About Audit Agents
An Audit Agent is an endpoint-side worker that audits a computer from the device itself and sends audit results back to AlloyScan over outbound HTTPS.
Use Audit Agents for offsite computers, laptops, remote networks, and other devices that cannot be reached reliably by an in-network Audit Service.
Menu path
Admin Center > Site Settings > Tasks and services > Audit agents
You can also deploy agents from Network > Audit agents.
Scope
Audit Agents are managed per Site. An agent installed for one Site reports into that Site's inventory and does not cross over into other Sites on the same instance.

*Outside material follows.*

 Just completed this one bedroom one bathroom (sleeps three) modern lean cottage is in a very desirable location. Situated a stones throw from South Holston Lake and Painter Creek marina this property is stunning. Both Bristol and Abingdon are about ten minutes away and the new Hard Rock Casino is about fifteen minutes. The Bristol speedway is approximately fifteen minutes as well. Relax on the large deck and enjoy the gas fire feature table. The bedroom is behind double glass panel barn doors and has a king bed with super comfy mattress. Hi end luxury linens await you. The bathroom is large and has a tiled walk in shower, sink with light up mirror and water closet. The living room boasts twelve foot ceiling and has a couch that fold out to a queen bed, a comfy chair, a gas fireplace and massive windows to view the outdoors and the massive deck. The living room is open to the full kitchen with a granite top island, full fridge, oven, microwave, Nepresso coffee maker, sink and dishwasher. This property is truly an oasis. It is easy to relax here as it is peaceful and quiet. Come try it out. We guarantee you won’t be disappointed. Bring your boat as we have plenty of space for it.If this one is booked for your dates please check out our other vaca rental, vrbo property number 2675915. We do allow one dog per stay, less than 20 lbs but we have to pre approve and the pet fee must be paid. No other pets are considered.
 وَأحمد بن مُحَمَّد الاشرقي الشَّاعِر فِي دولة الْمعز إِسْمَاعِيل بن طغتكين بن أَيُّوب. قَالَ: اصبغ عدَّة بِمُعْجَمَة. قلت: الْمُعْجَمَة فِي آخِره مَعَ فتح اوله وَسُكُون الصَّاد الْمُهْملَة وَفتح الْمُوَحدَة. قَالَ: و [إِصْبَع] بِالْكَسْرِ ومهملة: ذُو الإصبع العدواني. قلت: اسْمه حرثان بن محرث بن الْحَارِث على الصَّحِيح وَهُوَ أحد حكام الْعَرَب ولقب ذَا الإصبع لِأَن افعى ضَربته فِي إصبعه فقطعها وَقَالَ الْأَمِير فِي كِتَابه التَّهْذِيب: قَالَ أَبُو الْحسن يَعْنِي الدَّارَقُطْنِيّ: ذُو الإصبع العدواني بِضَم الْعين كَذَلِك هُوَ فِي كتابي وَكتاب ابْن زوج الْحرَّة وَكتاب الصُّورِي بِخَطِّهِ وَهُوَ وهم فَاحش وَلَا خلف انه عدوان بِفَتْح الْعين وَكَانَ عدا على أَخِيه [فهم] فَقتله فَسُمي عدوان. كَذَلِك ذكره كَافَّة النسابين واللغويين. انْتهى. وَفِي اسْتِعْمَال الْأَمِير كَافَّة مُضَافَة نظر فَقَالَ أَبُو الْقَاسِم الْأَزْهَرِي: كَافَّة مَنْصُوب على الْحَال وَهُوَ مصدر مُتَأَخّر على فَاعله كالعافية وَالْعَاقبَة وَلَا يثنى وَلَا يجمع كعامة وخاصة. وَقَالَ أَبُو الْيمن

What the Audit agents page is for
Use this page to:
- review registered Audit Agents for the current Site
- check whether agents are active or stale
- confirm agent version and last activity
- diagnose endpoints that have stopped reporting
- understand which computers are being audited by agent-based audit rather than agentless service audit
The deployment flow itself lives under Network > Audit agents, where users can download Windows, macOS, and Linux installation packages or copy download links.
Lifecycle
Audit Agents follow the same inactivity-cleanup model as Audit Services:
| State | Meaning |
|---|---|
| Active | The agent is installed and sends heartbeats. |
| Inactive | The agent has not sent a heartbeat within the configured inactivity period. |
| ScheduledForDeletion | The agent has been marked for deletion after inactivity or an admin action. |
| Deleted | The registration has been removed. |
If an agent comes online while scheduled for deletion, it self-uninstalls. If it stays offline until the expiration date, AlloyScan removes the server-side record.
The inactivity window is configured at Admin Center > Site Settings > Settings > Audit agent settings.

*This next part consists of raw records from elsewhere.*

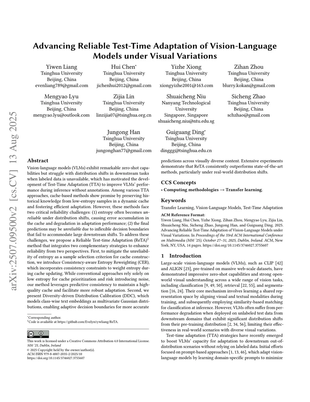 Vision-language models (VLMs) exhibit remarkable zero-shot capabilities but struggle with distribution shifts in downstream tasks when labeled data is unavailable, which has motivated the development of Test-Time Adaptation (TTA) to improve VLMs' performance during inference without annotations. Among various TTA approaches, cache-based methods show promise by preserving historical knowledge from low-entropy samples in a dynamic cache and fostering efficient adaptation. However, these methods face two critical reliability challenges: (1) entropy often becomes unreliable under distribution shifts, causing error accumulation in the cache and degradation in adaptation performance; (2) the final predictions may be unreliable due to inflexible decision boundaries that fail to accommodate large downstream shifts. To address these challenges, we propose a Reliable Test-time Adaptation (ReTA) method that integrates two complementary strategies to enhance reliability from two perspectives. First, to mitigate the unreliability of entropy as a sample selection criterion for cache construction, we introduce Consistency-aware Entropy Reweighting (CER), which incorporates consistency constraints to weight entropy during cache updating. While conventional approaches rely solely on low entropy for cache prioritization and risk introducing noise, our method leverages predictive consistency to maintain a high-quality cache and facilitate more robust adaptation. Second, we present Diversity-driven Distribution Calibration (DDC), which models class-wise text embeddings as multivariate Gaussian distributions, enabling adaptive decision boundaries for more accurate predictions across visually diverse content. Extensive experiments demonstrate that ReTA consistently outperforms state-of-the-art methods, particularly under real-world distribution shifts. Code:this https URL.
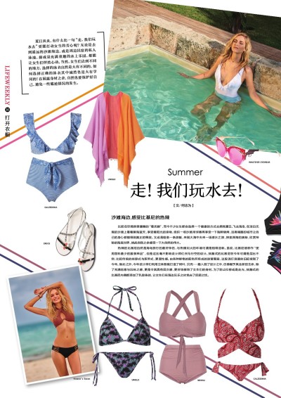 当然,这也并不代表女生们一定要穿上一件“欧巴桑”的泳衣。首先,可以选择一些鲜明而又大胆的颜色,今年大热的极光紫、冰淇淋蓝、樱花粉、柠檬黄都是不错的选择。然后,可以选择那些具有“假细节”的传统泳衣,诸如不会影响松紧的系带,两侧拼贴的荷叶边、蝴蝶结,点缀用的塑料圆环……让你在尽情玩乐之余免去了后顾之忧。
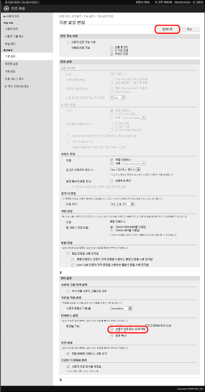 [제한할 기능]에서 적용한 설정을 활성화하려면 장치를 다시 시작해야 합니다. 장치 다시 시작에 대한 자세한 내용은 본 장치의 사용 설명서를 참조하십시오. (장치가 다시 시작된 후에 터치 패널 디스플레이에 초기화 완료 화면이 표시되면 화면의 지침을 따라 장치 전원을 껐다가 다시 켜십시오.) |
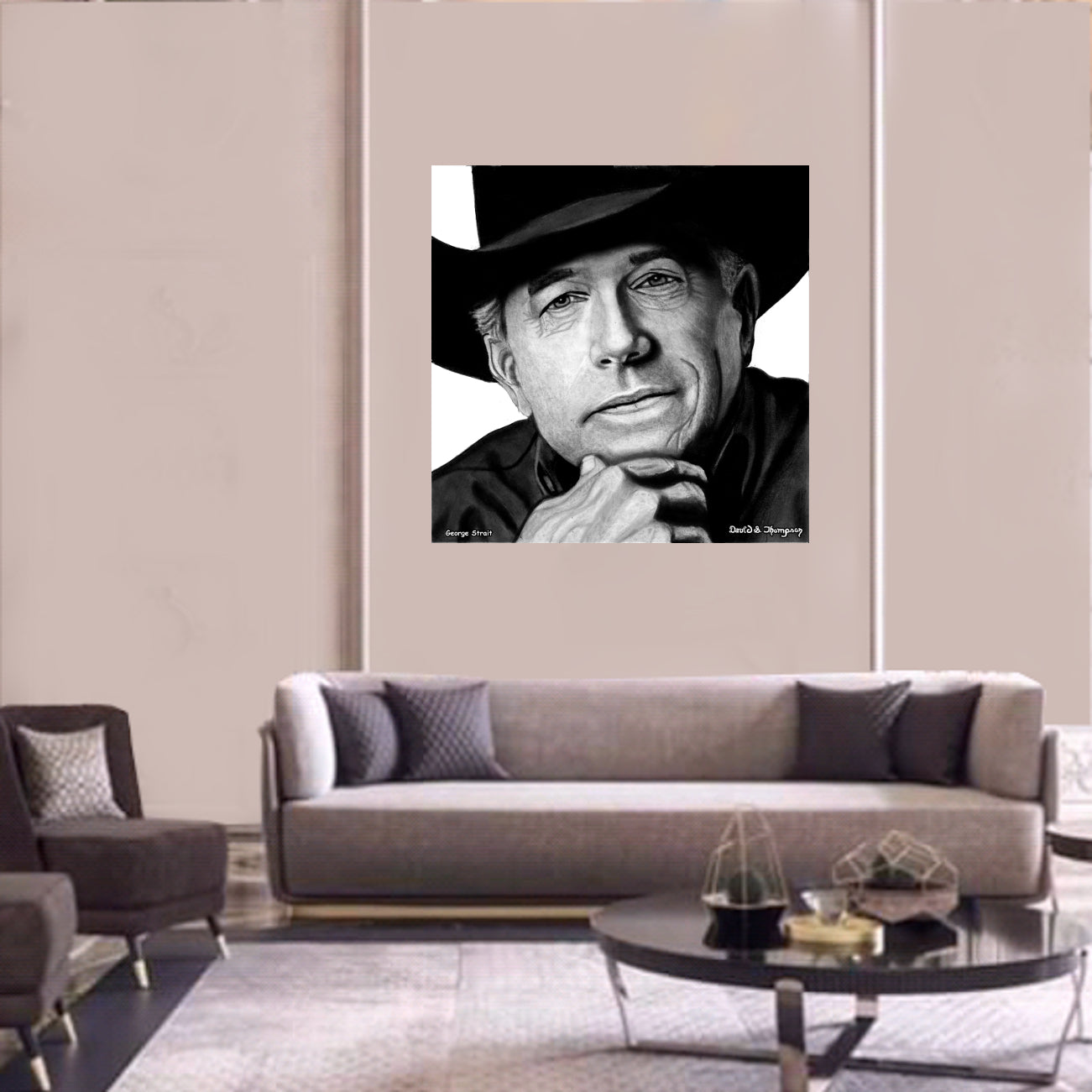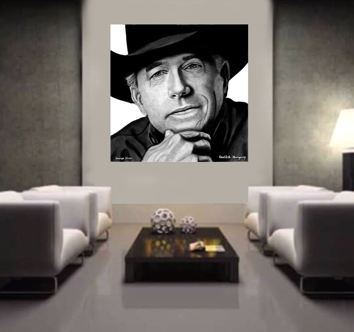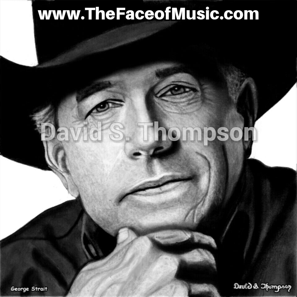The Face of Music Limited Edition Hand Drawn Portrait by Master Artist David S. Thompson of George Strait.

How Audit Agents differ from Audit Services
| Item | Audit Agent | Audit Service |
|---|---|---|
| Runs on | The audited endpoint | A Windows host inside the network |
| Audit model | Agent-based, push results to AlloyScan | Agentless, scan/audit reachable targets |
| Network requirement | Outbound HTTPS/443 from endpoint | Connectivity from service host to target devices |
| Typical use | Remote users, laptops, offsite computers | Internal networks, servers, SNMP, hypervisors, cloud segments |
Both methods produce Audit Snapshots and populate the same Inventory.